Just…   just live.  LIVE HARD.  Go hard.  KEEP GOING.  Just keep going and keep swimming and keep trying, because this is the only thing we know for sure.  This right here, this RIGHT NOW is all we have.

Don’t waste it.

8. No matter how shitty your life, no matter how dark or empty or sad or disordered your ANYTHING, not one single circumstance trumps The Power of Choice.  NOT ONE.  No predisposition to alcoholism can make me take a drink, I have to choose to do that.  No predisposition to heart disease can decide for me how well I eat or how much I exercise to prevent heart issues, I have to make myself get to the gym and eat clean food.  No predisposition to violent behavior because I lived a childhood full of abuse can decide for me how I treat my kids.  My childhood is not hitting my kids, I would be.  Alcoholic relatives do not get me drunk, I do.  Mental illness does not kill me, I do that.

We are the masters, authors, captains, and owners of our own lives.  Nothing else can own us unless we let it.  

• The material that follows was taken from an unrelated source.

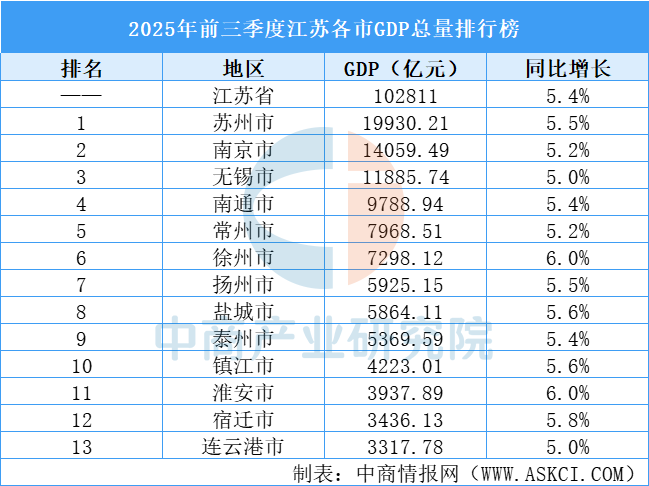 2025年前三季度江蘇各市GDP排行榜:蘇州GDP總量最高(圖)

Want something better?  CHOOSE.  DECIDE.  It will be hard.  You will hurt.  It will be a long journey, but you absolutely have the power to change your path.  I’ve done it twice.  It sucked both times, but everything I have ever dreamed of is on this side of fear and pain.

PUSH THROUGH.

This last month has changed me.  I am harder.  I am tougher.  I write this now with a niggling thought that “maybe this is the kind of shit you shouldn’t be putting in a blog,” but it is REAL.  It is raw and real and NOW, and I am better because I have put it out of my head and into words.

Also and mostly, if I can write this down it means I’m alive.  I’ve overcome.

I’ve won, and I live to fight again tomorrow.

Just keep going, you guys.  JUST KEEP GOING.  Do not stop.

Death can have my life when he pries it from my cold, dead fingers, and even then he’ll have to catch me first.

Praying that it is the same for you, too.